Moral yang baik belumlah cukup, tapi juga harus diimbangi dengan kompetensi. Yaitu kemampuan di bidang kepemimpinan, manajerial, dan teknis. Untuk mencapai kompetensi yang diperlukan, tidak terlepas dari sistem kepegawaian yang diterapkan. Model manajemen SDM berbasis kompetensi nampaknya menjadi keniscayaan. Termasuk sistem kompensasi yang memadai harus menjadi perhatian.
Selain itu perlu didukung dengan perubahan paradigma, yaitu dari mental penguasa menjadi pelayan masyarakat. Termasuk budaya kerja yang proaktif & cepat tanggap terhadap persoalan yang dihadapi masyarakat.



Pilar Kedua: Kebijakan
Maksudnya adalah berbagai konsep kebijakan yang berpihak kepada berbagai stakeholder, terutama kepentingan masyarakat luas. Secara formal, kebijakan tersebut akan dituangkan dalam peraturan daerah (perda) maupun peraturan kepala daerah.
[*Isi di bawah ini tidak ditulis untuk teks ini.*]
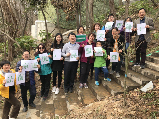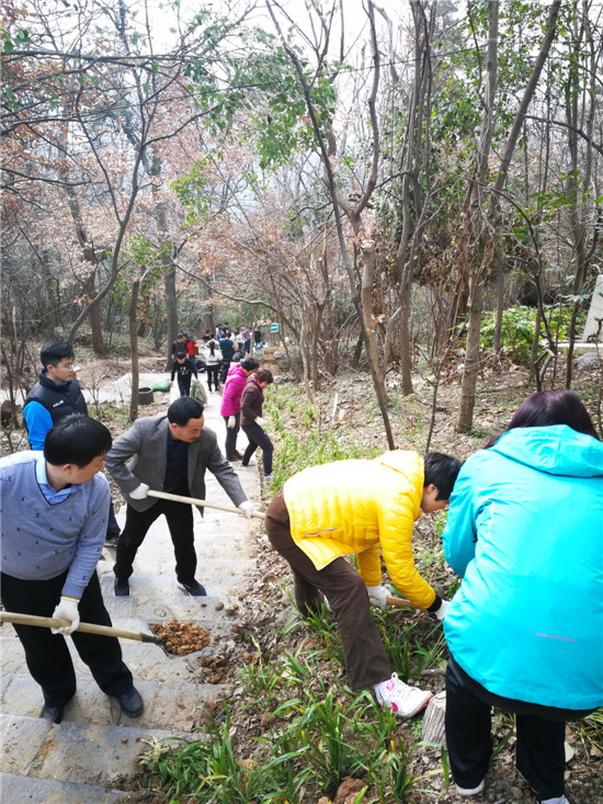 春风吹,吹红了桃花吹绿了杨柳,吹醒了青蛙吹来了燕子,也吹来了一年一度的“植树节”。 2018年3月11日,南京金陵高等职业技术学校双桥门民盟支部响应中山陵园管理局号召,积极参与“我爱紫金山”环保公益活动,借此来提升紫金山登山道生态景观,共同保护母亲山。本次植树节特别活动选择在紫金山华泰登山道这条具有代表性的登山道进行,我支部认养其中20米标准段,栽种吉祥草,争取为游客们提供更好的休闲步道,让紫金山更加美丽更加健康。  早上八点,热情的支部盟员和家属们就早早来到了西马腰认养段,领工具、运土、搬草,分工有序,合作无间。  为了把草种得快又好,老师们变身学生,认真听专家讲解。刨坑、覆土、栽种、浇水,步骤井然,三个小时后荒地立刻春意盎然。 工作虽然繁重,但大家干劲十足,脸上的笑容和回荡的笑声,给初春增添了一抹最美的颜色。  “暮春三月,江南草长,杂花生树,群莺乱飞。” 春日暖阳下,盟员们发挥民盟精神,用自己的劳动,让南京更美,让大地更绿。虽然我们的力量还不够大,但保护环境,我们一直在努力!

Kepala daerah antara lain harus memiliki konsep pembangunan berkelanjutan & berkeadilan, konsep manajemen pemerintahan yang efektif & efisien, konsep investasi yang mengakomodir kepentingan pihak terkait, serta berbagai konsep kebijakan lainnya.
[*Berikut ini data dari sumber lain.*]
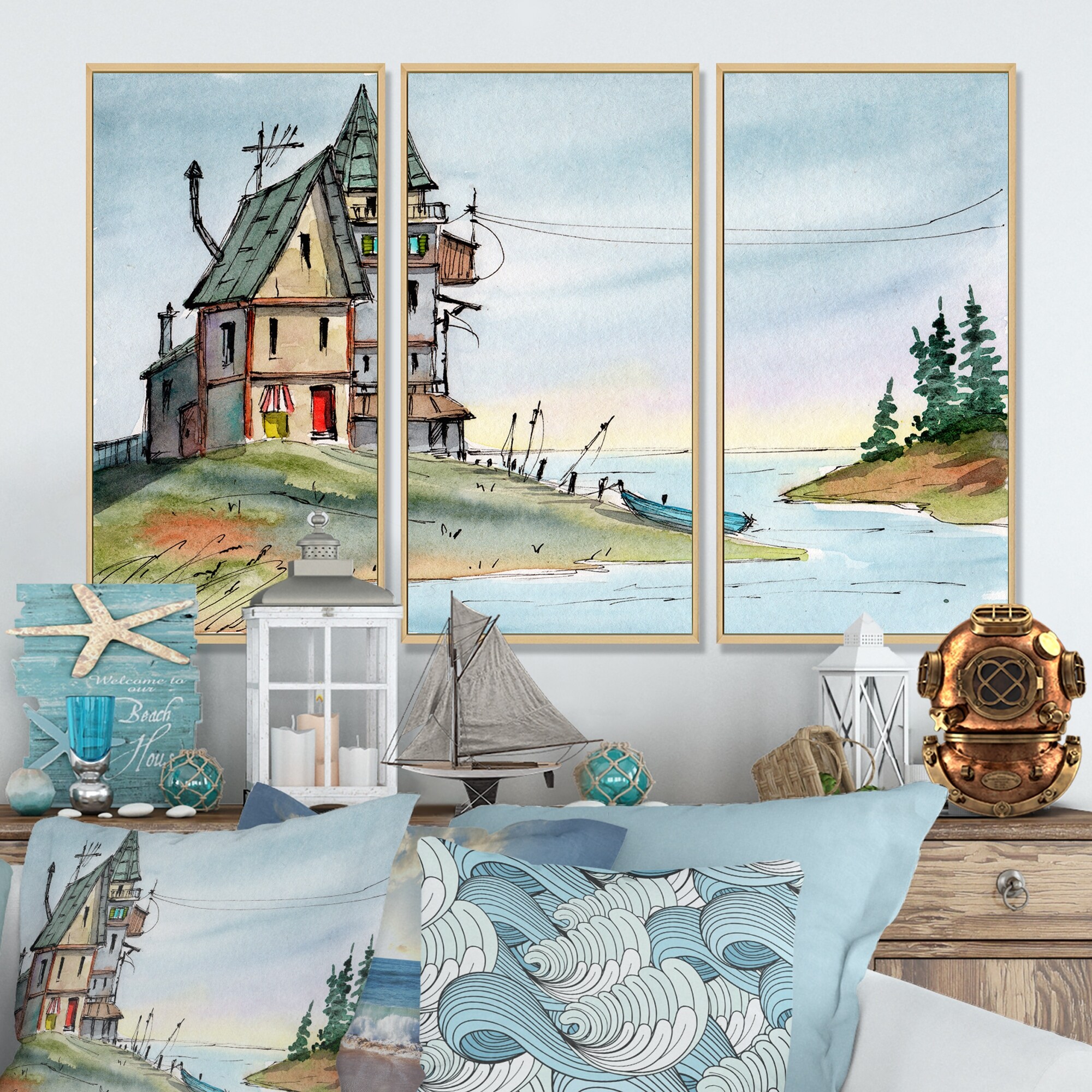 Designart "Colorful Old House With A Tower By the Riverside" Nautical & Coastal Framed Canvas Wall Art Print - 3 Panels

Hal ini sesuai dengan UU No. 25 Tahun 2004 dan UU No. 32 Tahun 2004, yang mengamanatkan kepala daerah untuk menyusun RPJMD (Rencana Pembangunan Jangka Menengah Daerah), yang menjabarkan visi & misinya selama lima tahun masa pemerintahannya. Sehingga dengan demikian arah pembangunan sejak dilantik hingga lima tahun ke depan sudah jelas.


Salah satu indikator keberhasilan pembangunan suatu daerah antara lain jika pemerintah dapat memenuhi 5 kebutuhan dasar masyarakatnya, yaitu: pangan, sandang, papan (perumahan), pendidikan, dan kesehatan. Selain itu kepala daerah harus mampu melihat suatu permasalahan secara komprehensif dan integratif, jangan sampai terjebak hanya melihat secara sektoral dan parsial, ataupun keuntungan jangka pendek.


Jangan sampai seorang kepala daerah tidak tahu harus berbuat apa. Jika demikian, pemerintahan akan berjalan tak tentu arah. Sehingga pada akhirnya, rakyatlah yang harus menanggung akibatnya.

Pilar Ketiga: Sistem


Artinya pemerintahan harus berjalan berdasarkan sistem, bukan tergantung pada figur. Sangat penting bagi kepala daerah untuk membangun sistem pemerintahan yang kuat.



Beberapa sistem yang harus dibangun agar pemerintahan dapat berjalan secara baik antara lain: sistem perencanaan pembangunan, sistem pengelolaan keuangan daerah, sistem kepegawaian, sistem pengelolaan aset daerah, sistem pengambilan keputusan, sistem penyeleksian dan pemilihan rekanan, sistem dan standar pelayanan, sistem pengawasan.
Sistem yang dimaksud di sini dapat bersifat manual maupun yang berbasis teknologi informasi. Dukungan teknologi informasi menjadi sesuatu yang tidak dapat dielakkan jika pemerintahan ingin berjalan lebih efisien dan efektif.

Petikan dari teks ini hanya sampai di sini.